What is Mod Security?
What is Mod Security?
ModSecurity is a web application firewall.
What does it do?
It provides protection from a range of attacks against web applications. Currently 70% of all attacks are now carried out over the web application level.
Why do we use it?
A vital component of a stable shared hosting environment is having a layered security infrastructure. Web application firewalls provide an additional security layer that increases security by detecting or preventing attacks before they reach web applications.
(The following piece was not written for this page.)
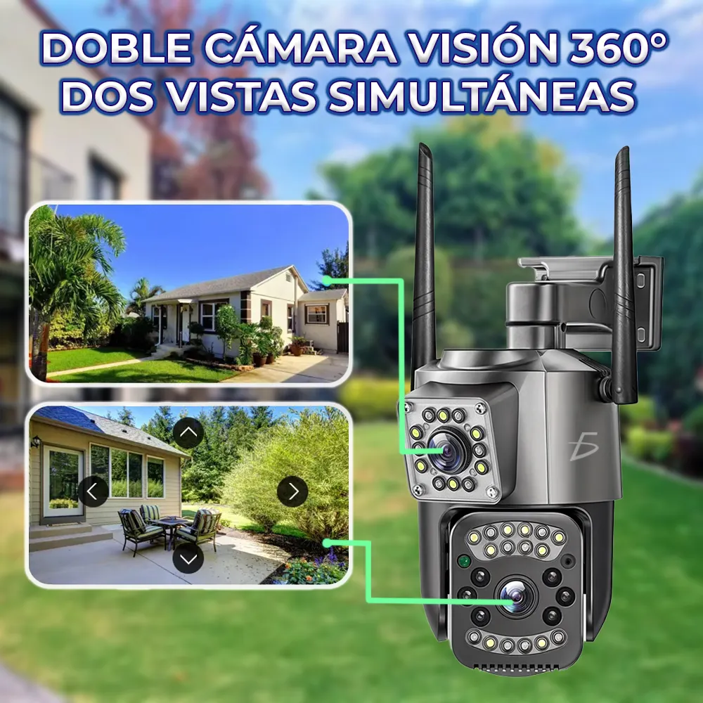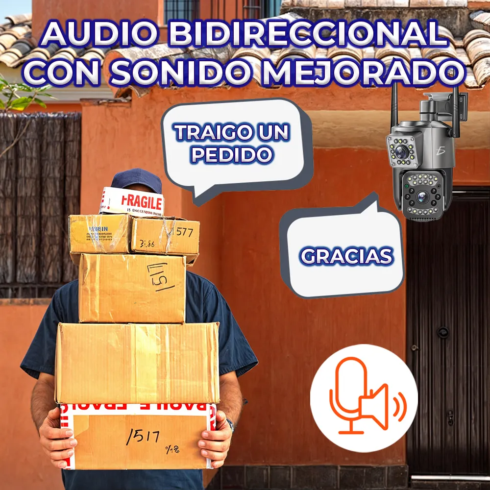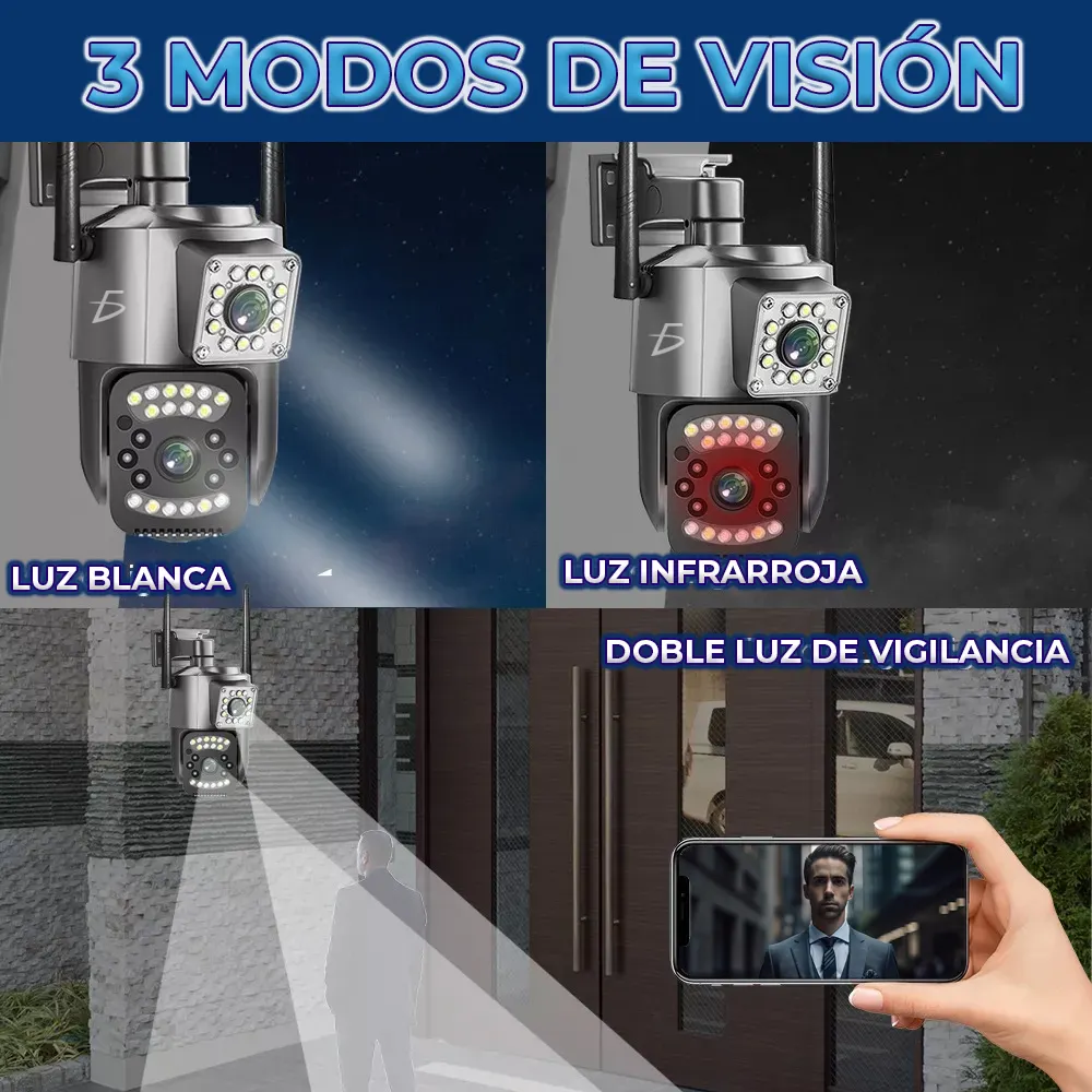 Cámara De Seguridad Ip66 Impermeable De 4 Megapíxeles Con Doble Cámara y sensor con tres modos, luz blanca, luz infrarroja y luz de seguridad. Audio Bidireccional con sonido mejorado.

The best way to reduce vulnerability is to ensure you keep your software updated to the latest patch.
Can I turn it off?
If your applications are having problems it may be due to ModSecurity rules blocking some functions, in this case it is possible to switch off filtering for that particular domain. To do so place a .htaccess file in the root of the domain (or the applications folder) with the line:
SecFilterEngine Off
If this resolves your problem then ModSecurity was blocking your application. We do not recommend disabling ModSecurity permanently, at this point it is better to find which file(s) are causing the problem and exclude it specifically i.e
SecFilterEngine On
<FilesMatch “(problem_file.php)”>
SecFilterEngine Off
</FilesMatch>
IMPORTANT: Customers on web10.pipeten.co.uk, dweb4.pipeten.co.uk or dweb16.pipeten.co.uk servers should contact support for help with mod_security. Please include the steps to repeat the problem including the URL at which you’re seeing the error, what data you are entering into any forms and web interface usernames or passwords if needed.